*INPUT DATA*

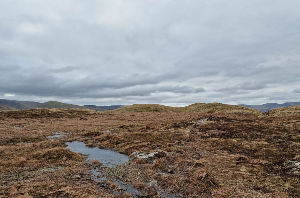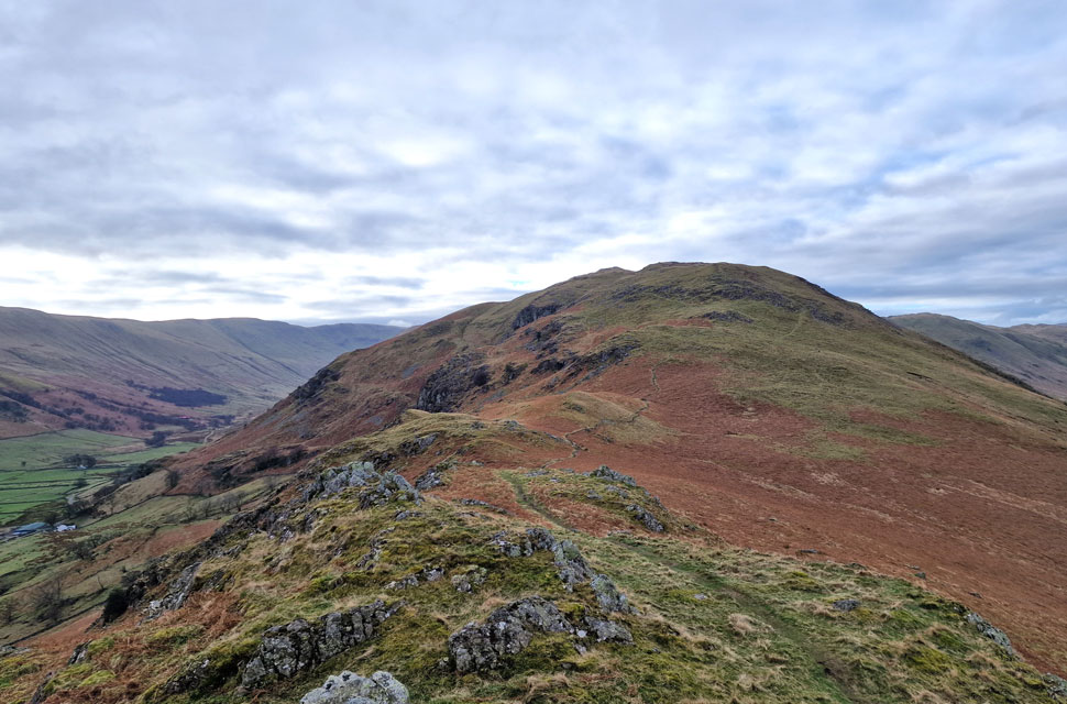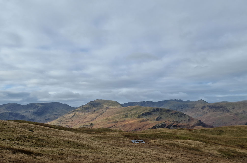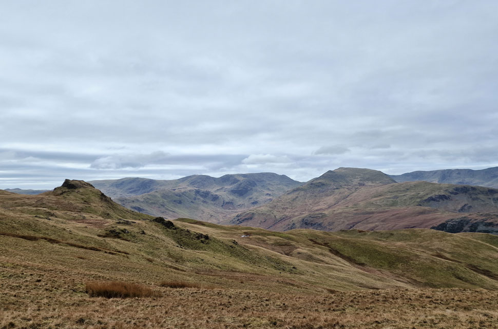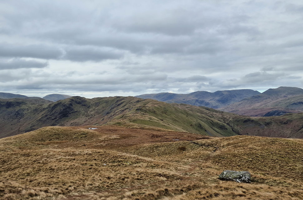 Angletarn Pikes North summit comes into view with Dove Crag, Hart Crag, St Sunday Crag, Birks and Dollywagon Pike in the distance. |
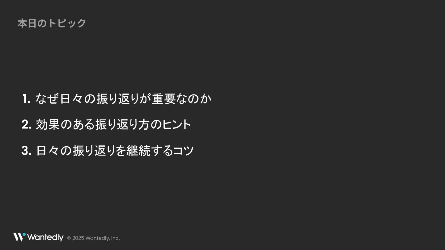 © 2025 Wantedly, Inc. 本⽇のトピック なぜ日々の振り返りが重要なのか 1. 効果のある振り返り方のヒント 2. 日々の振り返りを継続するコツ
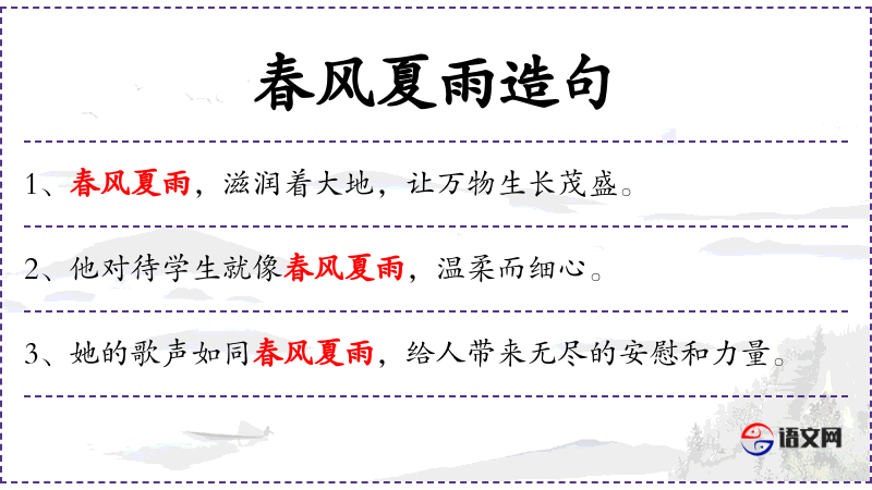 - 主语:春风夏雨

*PROBLEM TO WORK ON*
Every word of the material, and none of its pictures, should be set down again.

*ANSWER TO THIS TASK*
 Angletarn Pikes North summit comes into view with Dove Crag, Hart Crag, St Sunday Crag, Birks and Dollywagon Pike in the distance. |
 © 2025 Wantedly, Inc. 本⽇のトピック なぜ日々の振り返りが重要なのか 1. 効果のある振り返り方のヒント 2. 日々の振り返りを継続するコツ
 - 主语:春风夏雨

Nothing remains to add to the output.